As compelling as this is for me, there are, I’ve been told, some people who consider an intellectual framework to be superfluous, if not downright stupid. To such people, a theory is nothing more than an extra layer of unnecessary complexity around a problem. Instead of theoretical frameworks for action, such people assign value only to their intuition and unique personal experiences.

For example, people often dismiss the need for an intellectual framework in the context of weight-loss and exercise. They say things like, “If I want to lose weight,  I just eat less and exercise more.” or “If I want to get stronger, I just go to the gym and lift heavy weights.” And in some sense these people are right, they recognize that often it is doing simple and effective things that make real progress and over intellectualizing can be a waste of time and energy.

The problem with this type of thinking is that it runs a dangerous risk of oversimplification and ignores the role that generalizable framework plays in improving the lives of others.

I say improve the lives of others because meaningful lives are the result of good decisions (on average) and good decisions are the result of understanding how the world works. In light of that understanding, the failure to try and think beyond our own intuition and experience can be viewed a failure from a moral dimension.
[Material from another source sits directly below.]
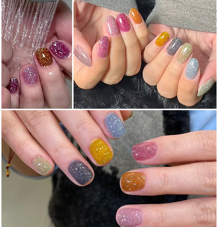 商品名称:2025新款网红爆款碎钻胶美甲店用日式流行色爆闪反光碎钻指甲油胶
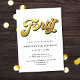 This fun, retro-inspired 40th birthday party invitation features a classic white background with faux gold retro script and simple typography for the invitation text. The script on the front says "Forty". Customize this design further by adding a photo or additional text to the back simply by using the "design tool".

The failure to attempt to think beyond ourselves is a moral failure because it means we never stop to ask if and how our experiences manifest the underlying reality of the world. Such an approach to life precludes the possibility of creating a generalized framework that can be communicated, tested and then shared to better the lives of others. 

That said, there are good reasons to be skeptical of theory. Sometimes theories are bullshit.1 But the failure of an individual framework is not the failure of the method. We should consider what works for I and then carefully, and incrementally attempt to discover why and how it will work for we.

 

*Sen, Amartya Kumar. The Idea of Justice. Cambridge, MA: Belknap of Harvard U, 2011. Print.